Menzo Havenga
CEO, Batavia Biosciences
Biotech companies starting the vaccine development journey need to look at the whole process right from the start.
“Research shows that about 22% of novel therapeutics never progress beyond their first clinical trials, for various reasons. This includes lack of commercially viability,” says Menzo Havenga, CEO, Batavia Biosciences. Contract development and manufacturing organisations (CDMOs) typically have extensive knowledge and experience in the field. Their CMC expertise in the early development stages helps to bring this high attrition number down. Havenga, who co-founded the CDMO Batavia Biosciences after having witnessed the hurdles of outsourcing while working on vaccines and viral vector-based products in biotech companies, claims that reducing risk of failure starts with a hard think on the process from beginning to end.
Addressing the hurdles
Some of the challenges of working on viral vaccines include:
- Bench-scale processes used for generating preclinical data are not scalable. Every unit operation needs to be evaluated for its fit for purpose at perceived final scale.
- Regulatory and quality compliant raw materials and process strategies must be selected in an early stage to ensure a smooth transition from bench to clinic.

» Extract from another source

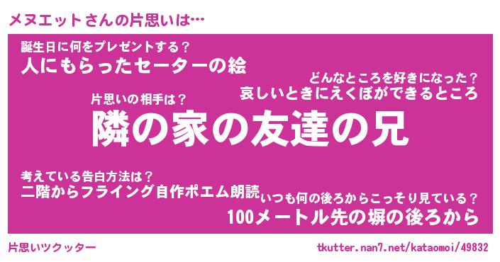 | ヘコむあだ名 | 『メヌっふぃ~』『つくし』 |
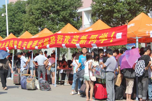 9月15日是新生報名的第一天也是最后一天。六大分院均在校園東西主干道上擺起長龍陣,以方便學生報到注冊。財務管理、工程造價、國際貿易等相對熱門專業前報到者幾乎爆棚,相對冷門一些的專業,如涉農類、紡織類由于受家長和學生認識所限,盡管社會需求量大,報考人數仍然不多。

Biotech companies themselves, certainly in the start-up phase, do not have the expertise in-house to understand the manufacturing challenges. They typically focus their investment money on the expansion and solidification of their patent position(s) and to rapidly increase company value by obtaining proof of efficacy in human trials. As such, external resources like CDMOs are brought in to deliver a first manufacturing process and bring the product to patients.
Research shows that about 22% of novel therapeutics never progress beyond their first clinical trials, for various reasons.
No time to lose
The increasing world population, close proximity to animals and intense global travel all contribute to an ever-increasing number of virus outbreaks. With the current SARS-CoV-2 pandemic in mind, we know how important it is to minimise the risk of failure.
Havenga therefore advises biotech companies: “Include a CDMO early in the process to help create a robust and detailed manufacturing plan. Their experience of the regulatory landscape and technological manufacturing options that are available ensure a smooth transition from bench to clinic.”